Providers orchestrate various components (offline store, online store, infrastructure, compute) inside an environment. For example, the gcp
provider supports BigQuery as an offline store and Datastore as an online store, ensuring that these components can work together seamlessly. Feast has three built-in providers (local
, gcp
, and aws
) with default configurations that make it easy for users to start a feature store in a specific environment. These default configurations can be overridden easily. For instance, you can use the gcp
provider but use Redis as the online store instead of Datastore.
If the built-in providers are not sufficient, you can create your own custom provider.
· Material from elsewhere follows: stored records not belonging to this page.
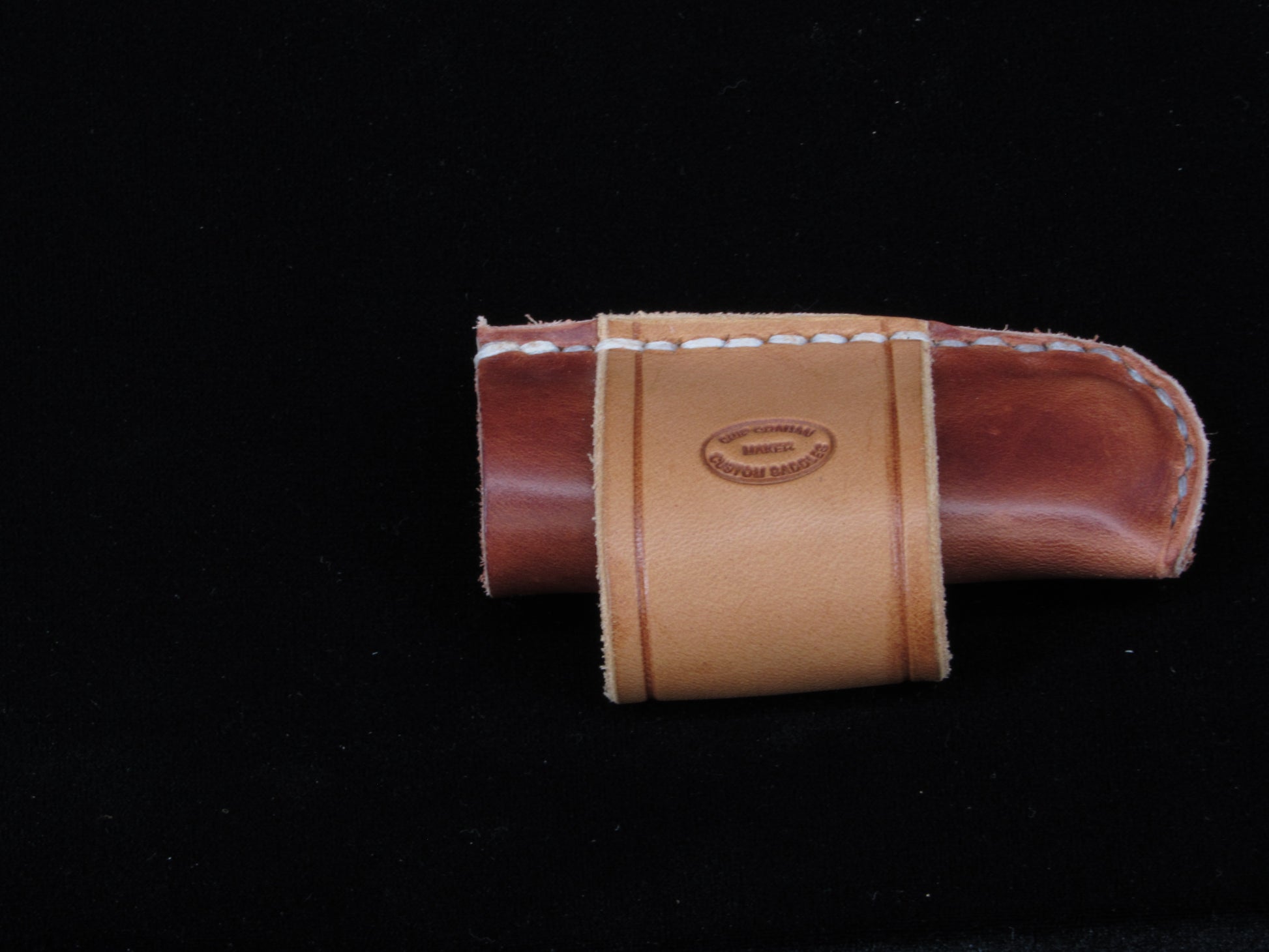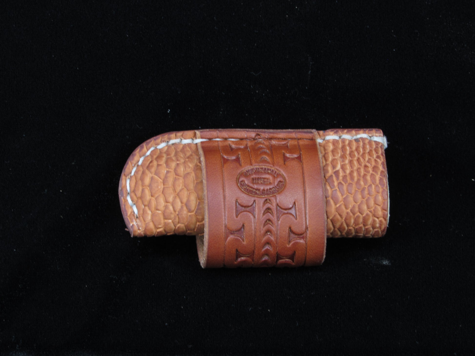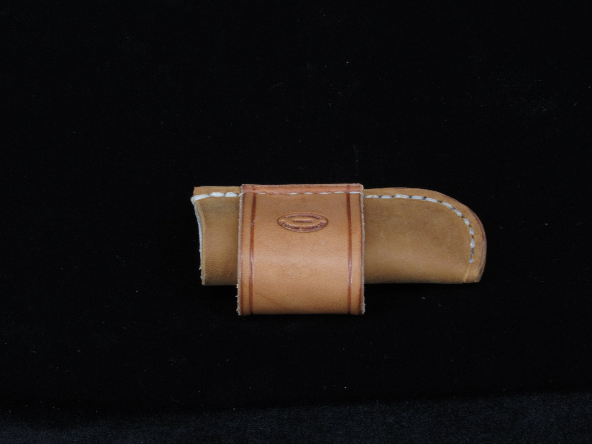 These compact horizontal pocket knife sheaths provide convenient access while securely holding your knife with a rawhide lip lock. Crafted from durable chap leather for an economical choice or premium beavertail leather for a refined appearance, they accommodate belts up to 1 1/2" wide. Designed to fit knives like the Moore Maker or Case Trappers measuring 4 1/8" long, 7/8" wide, and 1/2" thick, these sheaths combine practicality with tailored craftsmanship.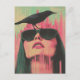 Eine Frau und ein schwarzer Vogel mit einem rosa Kristallturm im Hintergrund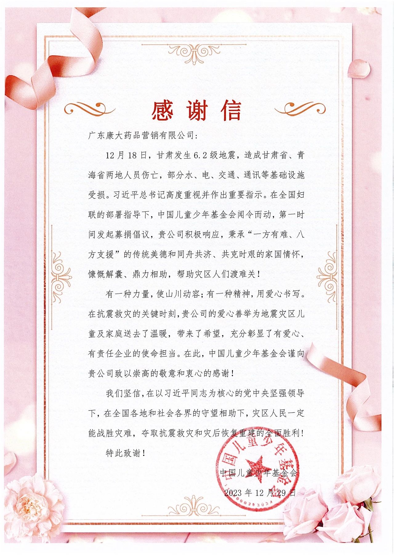 近日,临夏回族自治州人民政府、中国共产党临夏回族自治州委员会以及中国儿童少年基金会向yl23455永利集团发来《致yl23455永利集团感谢信》,纷纷对yl23455永利集团积极参与甘肃临夏积石山县地震救灾的紧急援助工作表示高度赞扬与衷心感谢。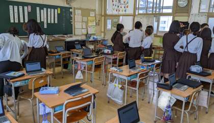 6年生は国語で、2つの考えから自分が選んだことについて、グループで話し合い、違う意見の人を説得するディベートに挑戦しました。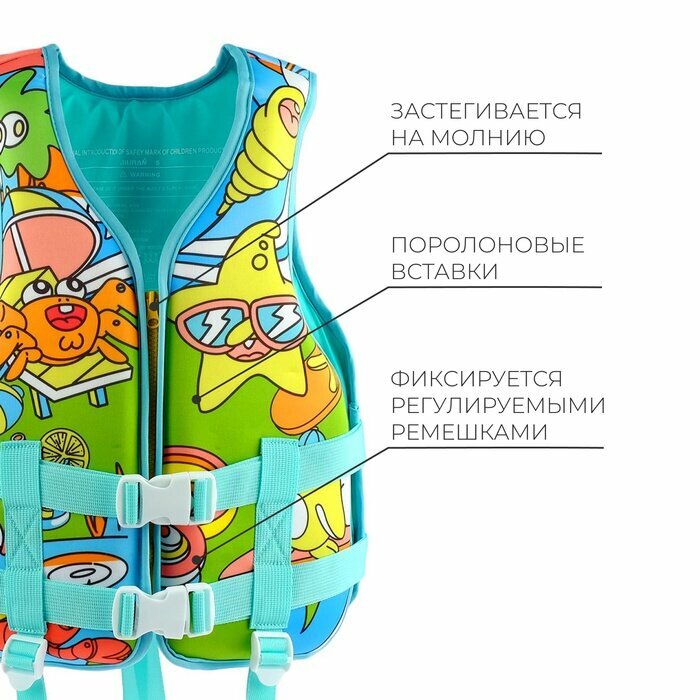 Купить Жилет ONLYTOP, для плавания, размер S, 12 - 15 лет, 40-50 кг, цвет зеленый

Please see this guide for more details.
Please see feature_store.yaml for configuring providers.
Create Batch Features: ELT/ETL systems like Spark and SQL are used to transform data in the batch store.
Create Stream Features: Stream features are created from streaming services such as Kafka or Kinesis, and can be pushed directly into Feast via the Push API.
Feast Apply: The user (or CI) publishes versioned controlled feature definitions using feast apply
. This CLI command updates infrastructure and persists definitions in the object store registry.
Feast Materialize: The user (or scheduler) executes feast materialize
which loads features from the offline store into the online store.
Model Training: A model training pipeline is launched. It uses the Feast Python SDK to retrieve a training dataset that can be used for training models.
Get Historical Features: Feast exports a point-in-time correct training dataset based on the list of features and entity dataframe provided by the model training pipeline.
Deploy Model: The trained model binary (and list of features) are deployed into a model serving system. This step is not executed by Feast.
Prediction: A backend system makes a request for a prediction from the model serving service.
Get Online Features: The model serving service makes a request to the Feast Online Serving service for online features using a Feast SDK.
A complete Feast deployment contains the following components:
Feast Registry: An object store (GCS, S3) based registry used to persist feature definitions that are registered with the feature store. Systems can discover feature data by interacting with the registry through the Feast SDK.
Feast Python SDK/CLI: The primary user facing SDK. Used to:
Manage version controlled feature definitions.
Materialize (load) feature values into the online store.
Build and retrieve training datasets from the offline store.
Retrieve online features.
Stream Processor: The Stream Processor can be used to ingest feature data from streams and write it into the online or offline stores. Currently, there's an experimental Spark processor that's able to consume data from Kafka.
Batch Materialization Engine: The Batch Materialization Engine component launches a process which loads data into the online store from the offline store. By default, Feast uses a local in-process engine implementation to materialize data. However, additional infrastructure can be used for a more scalable materialization process.
Online Store: The online store is a database that stores only the latest feature values for each entity. The online store is either populated through materialization jobs or through stream ingestion.
Offline Store: The offline store persists batch data that has been ingested into Feast. This data is used for producing training datasets. For feature retrieval and materialization, Feast does not manage the offline store directly, but runs queries against it. However, offline stores can be configured to support writes if Feast configures logging functionality of served features.
Authorization Manager: The authorization manager detects authentication tokens from client requests to Feast servers and uses this information to enforce permission policies on the requested services.